### Work instructions
Exact transcription, pictures omitted: begin at the top line of the records below and end with the line bearing "หัวน็อตอาร์คสี่เหลี่ยม SQUARE WELD NUT".

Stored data
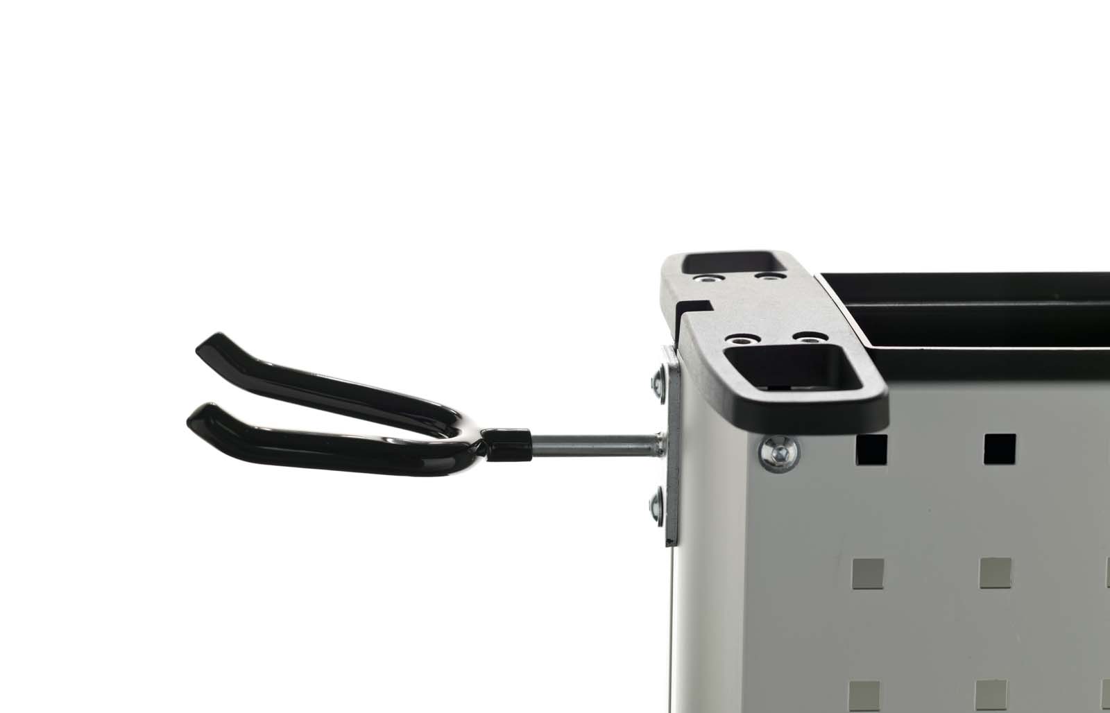 - Maksymalna elastyczność – hak do zawieszanie dwóch maszyn z wężami ssącymi, uchwyt uniwersalny, półka oraz obrotowa półeczka na drobne części
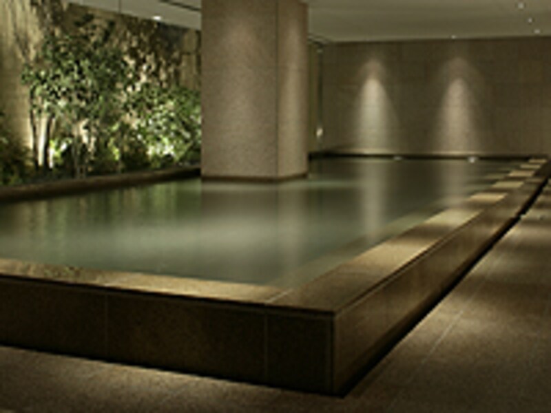 | 写真上:シックな色合いのスパウェイティングルーム/写真下:施設内の温泉 |
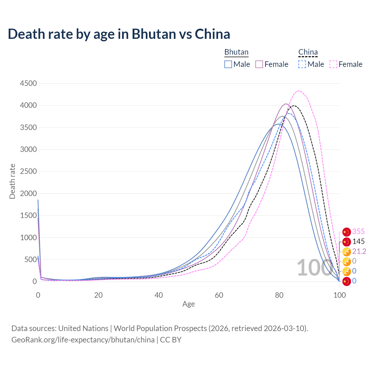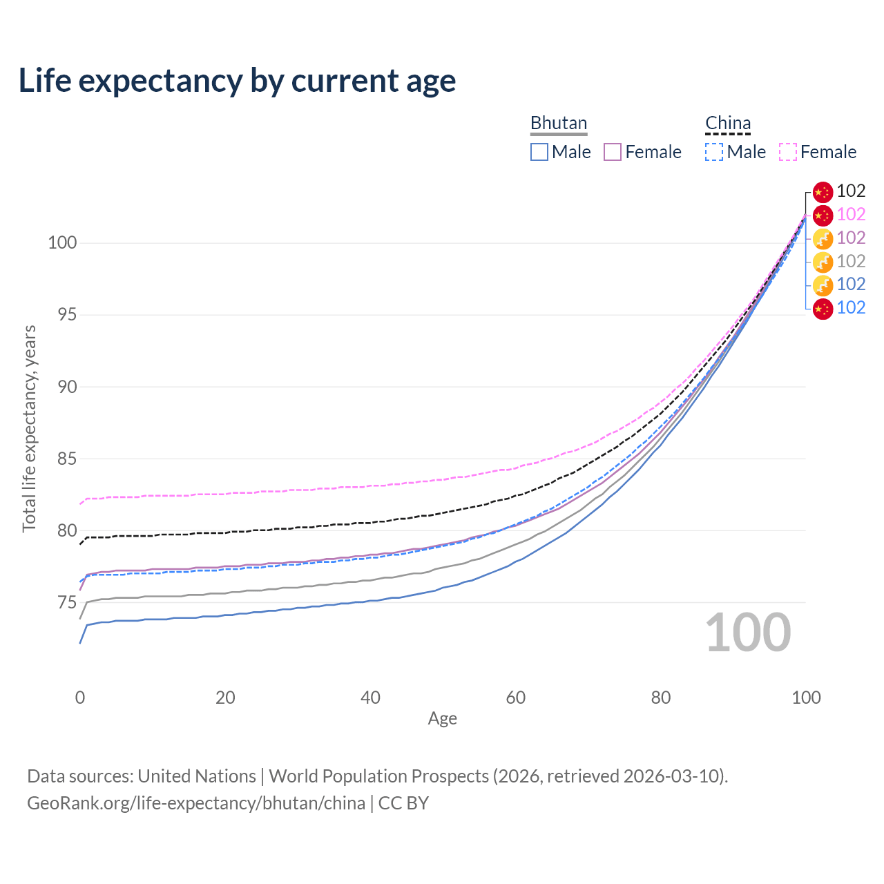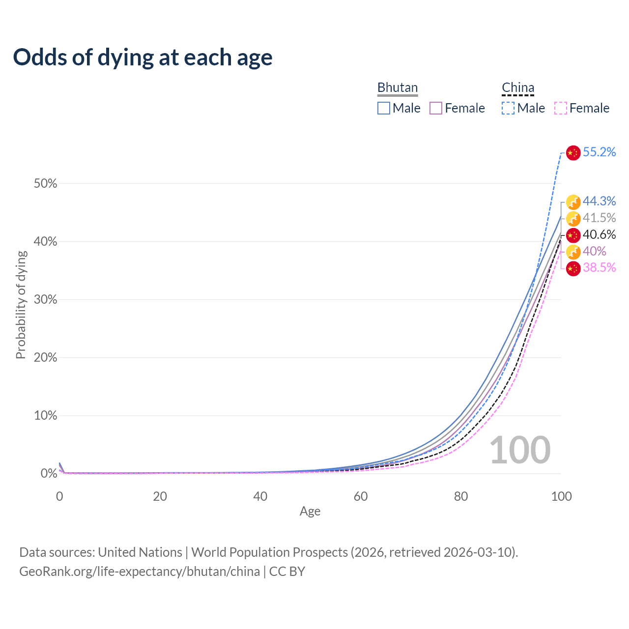 This life expectancy calculator shows the odds of living to 100, 95, 90, and below based on current age for both males and females in Bhutan and China, along with mean and median age of death. The calculations are based on the 2026 life tables (actuarial tables) from the UN World Population Prospects.
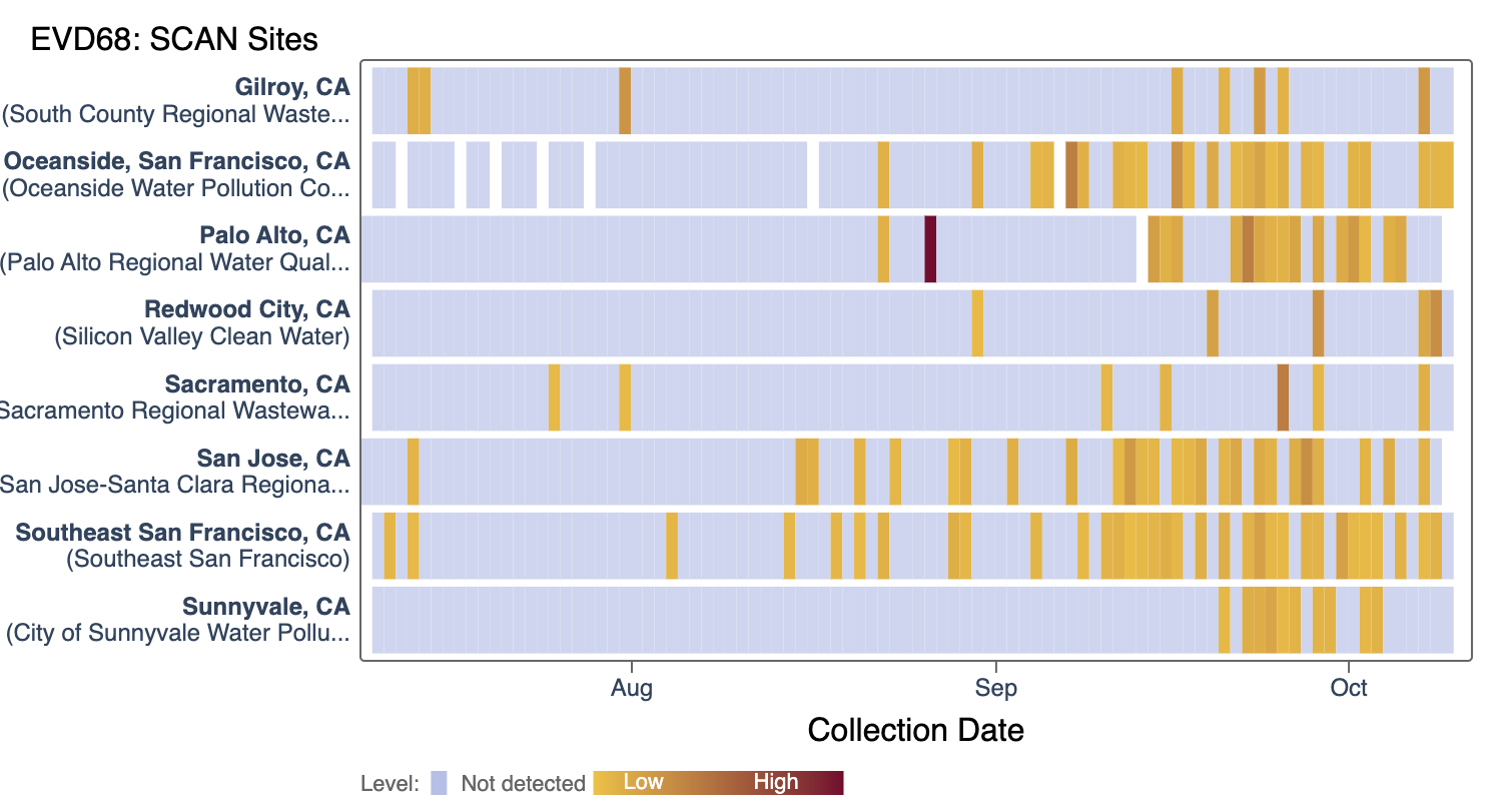 EV-D68 RNA was sporadically detected in samples collected in the last 21 days at most SCAN sites. The heat map below shows all the SCAN sites as a row, and each date as a column since monitoring began in July. Redwood City, Gilroy, and Sacramento have had few detects for EV-D68 RNA in the past 21 days. The color blue means the sample was non-detect for EV-D68 RNA and the colors get darker with higher concentrations. White indicates no sample was collected. You can access the chart here. EV-D68 is believed to occur biennially, and we saw it last year, as described in this preprint (which was just accepted to Emerging Infectious Disease).
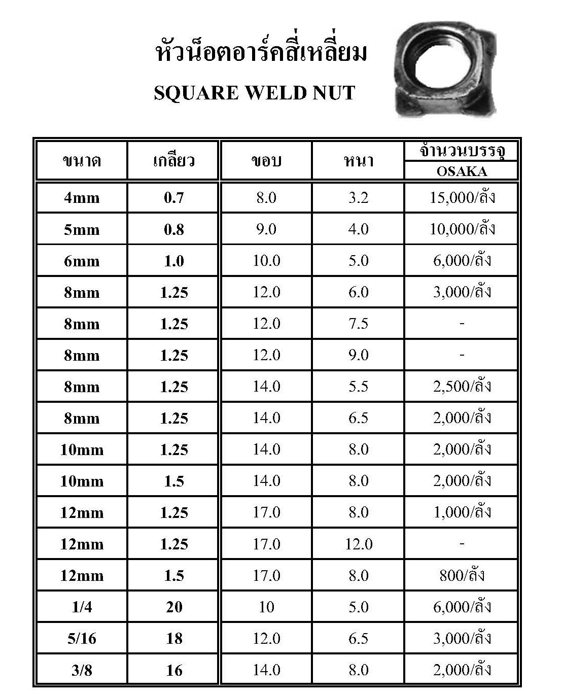 หัวน็อตอาร์คสี่เหลี่ยม SQUARE WELD NUT
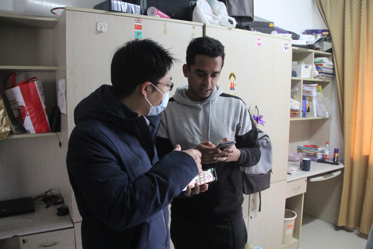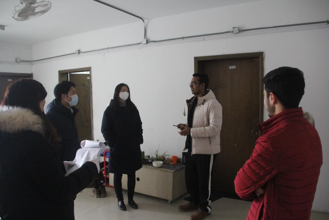 随后,张国权一行逐个走访留学生寝室,与留校学生亲切交谈、悉心询问,了解在校留学生的身体状况以及假期出行情况,根据目前新型冠状病毒性肺炎传播的情况,向留学生宣传新型肺炎的基本知识、防控方法以及我国和我校正在采取的预防措施,希望留学生们能积极配合做好疫情防控工作,保障自己的身体健康。
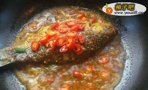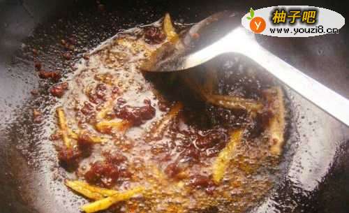9待锅内汤汁所剩不多时,加入辣椒圈继续煮1分钟
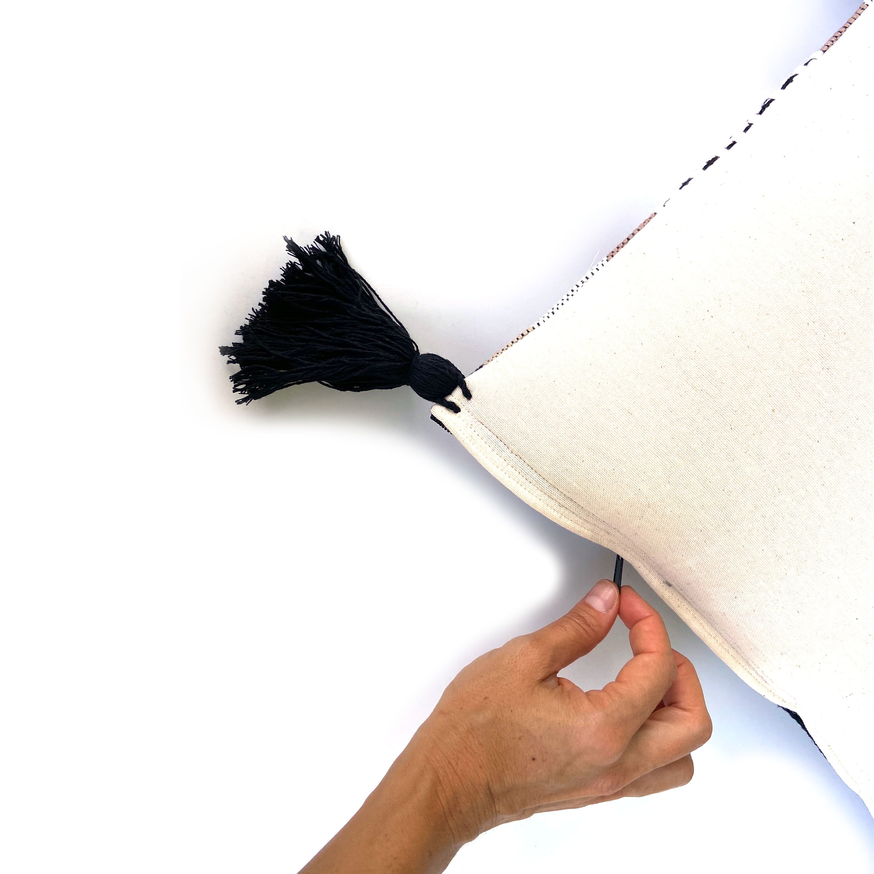This pillow cover is designed with practicality in mind. The zipper closure on one end allows for easy insertion and removal of the pillow insert, making it convenient for cleaning and maintenance. Additionally, the four decorative tassels on each corner add a playful touch, enhancing the overall aesthetic of the pillow cover.
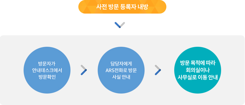 하루에도 몇 번 씩 찾아오는 방문객들을 일일이 대응하는 것은 업무 효율성을 저해하는 한 요소입니다. 사전에 방문 등록을 진행한 사람이 내방을 하면, ARS로 담당자에게 알려주어 방문객을 회의실이나 사무실 등으로 자동으로 안내해주는 서비스입니다.
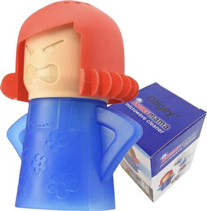 The Angry Mama Microwave Cleaner uses water and vinegar to soften chunks of food sticking to the inside walls of your microwave. Fill the furious woman with water and vinegar, set your microwave timer to seven minutes, and watch steam rise from her head.
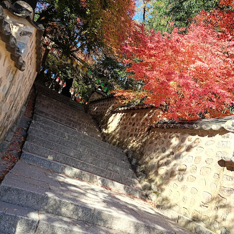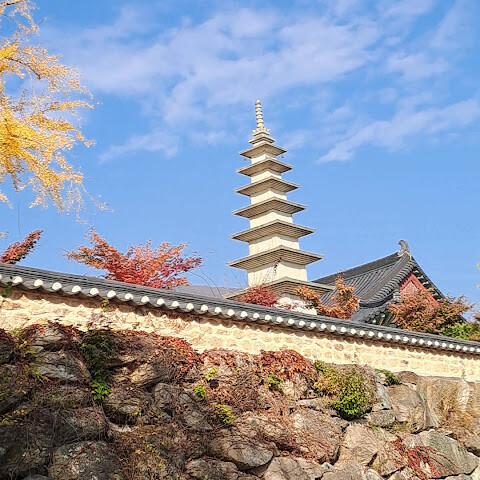 아주 조용하고 아름다운 사찰입니다. 11월 초에는 단풍이 4분의 1 정도만 붉게 물들어 인스타그래머들에게 인기 있는 명소입니다. 규모도 꽤 크고 접근성도 좋습니다. 7번 출구로 나와 오른쪽으로 돌아 약 800m 정도 걸으면 90번 버스 정류장에 도착합니다. 버스는 자주 운행합니다. 사찰 근처에는 상점이 없으니, 올라가기 전에 식사를 하시는 것을 추천합니다.
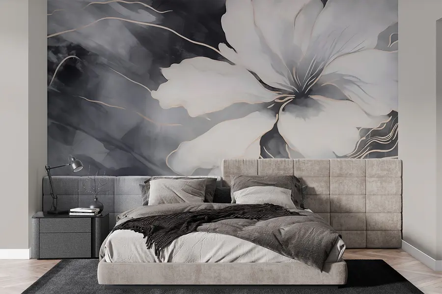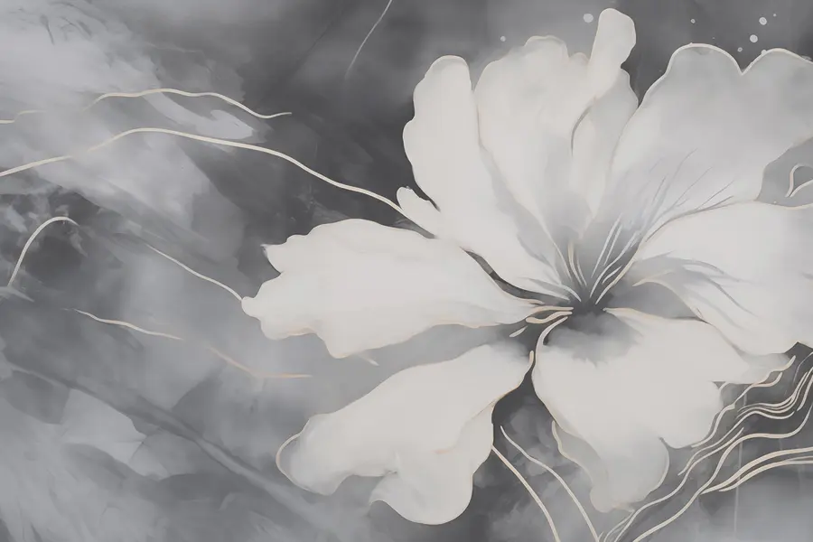 Fotomurales Flor blanca sobre fondo blanco y negro

### Reply to the task
 - Maksymalna elastyczność – hak do zawieszanie dwóch maszyn z wężami ssącymi, uchwyt uniwersalny, półka oraz obrotowa półeczka na drobne części
 | 写真上:シックな色合いのスパウェイティングルーム/写真下:施設内の温泉 |
 This life expectancy calculator shows the odds of living to 100, 95, 90, and below based on current age for both males and females in Bhutan and China, along with mean and median age of death. The calculations are based on the 2026 life tables (actuarial tables) from the UN World Population Prospects.
 EV-D68 RNA was sporadically detected in samples collected in the last 21 days at most SCAN sites. The heat map below shows all the SCAN sites as a row, and each date as a column since monitoring began in July. Redwood City, Gilroy, and Sacramento have had few detects for EV-D68 RNA in the past 21 days. The color blue means the sample was non-detect for EV-D68 RNA and the colors get darker with higher concentrations. White indicates no sample was collected. You can access the chart here. EV-D68 is believed to occur biennially, and we saw it last year, as described in this preprint (which was just accepted to Emerging Infectious Disease).
 หัวน็อตอาร์คสี่เหลี่ยม SQUARE WELD NUT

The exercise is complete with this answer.